Epigenetic regulation of hepatitis B virus covalently closed circular DNA: Implications for epigenetic therapy against chronic hepatitis B

Abstract

Hepatitis B virus (HBV) infection represents a significant public health burden worldwide. Although current therapeutics manage to control the disease progression, lifelong treatment and surveillance are required because drug resistance develops during treatment and reactivations frequently occur following medication cessation. Thus, the occurrence of hepatocellular carcinoma is decreased, but not eliminated. One major reason for failure of HBV treatment is the inability to eradicate or inactivate the viral covalently closed circular DNA (cccDNA), which is a stable episomal form of the viral genome decorated with host histones and nonhistone proteins. Accumulating evidence suggests that epigenetic modifications of cccDNA contribute to viral replication and the outcome of chronic HBV infection. Here, we summarize current progress on HBV epigenetics research and the therapeutic implications for chronic HBV infection by learning from the epigenetic therapies for cancer and other viral diseases, which may open a new venue to cure chronic hepatitis B. (Hepatology 2017;66:2066-2077).

Fig 1. HBV life cycle

The major steps in HBV life cycle including entry, trafficking, cccDNA formation, mRNA transcription, pgRNA encapsidation, DNA replication, viral particle assembly and secretion are shown. (Abbreviations: HSPG, heparan sulfate proteoglycan; MVB, multivesicular body; NTCP, sodium taurocholate cotransporting polypeptide.)

Fig 2

Schematic representation of the open reading frames (ORFs) of preC/Core, pol, preS/S, and X in HBV genome (genotype A, GenBank: AB116086); the four promoters, Cp, Sp1, Sp2, and Xp; the regulatory elements, enhancer 1 and 2 (EN1 and EN2); and three predicted CpG islands.

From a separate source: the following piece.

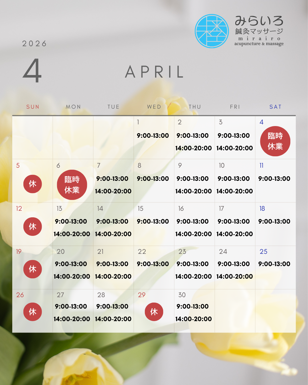 月曜~土曜 9:00〜13:00 / 14:00~20:00
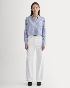 Made from high-twist. 100% cotton yarn in a soft twill weave. the Way-Short Shirt in Silky Cotton features a point collar. a clean button front. one patch pocket. and a cropped shape that pairs perfectly with high-waisted bottoms. Wear it with jeans for a classic look. or pair it with something stretchy for an easy (yet super-flattering) outfit.

Fig 3. Schematic representation of modification status of HBV cccDNA-assoicated histones and the recruitment of chromatin modifying enzymes on cccDNA in relation to HBx

(A) In the presence of HBx, cccDNA-bound histones are hyperacetylated, viral minichromosome is in an open configuration and viral gene transcription is activated, leading to a high level of virus replication. (B) In the absence of HBx, host restriction factors, such as Smc5/6 complex and PRMT1, are loaded on cccDNA. The cccDNA-bound histones are hypoacetylated, viral minichromosome is in a closed configuration and viral gene is transcriptionally repressed, resulting in a low level of virus replication. (Abbreviations: H3/H4 Ac, aceylated histone 3 and 4; CBP, CREB-binding protein; PCAF, p300/CBP-associated factor; PRMT1, protein arginine methyltransferase 1 PRMT5, protein arginine methyltransferase 5; SIRT1, sirtuin 1; HDAC1, histone deaceyltransferase 1; EZH2, enhancer of zeste homolog 2; SUV39H, suppressor of variegation 3–9 Homolog; HP1: heterochromatin protein 1 factors; SETDB1: SET Domain Bifurcated 1. Smc5/6: Structural maintenance of chromosomes protein 5/6.)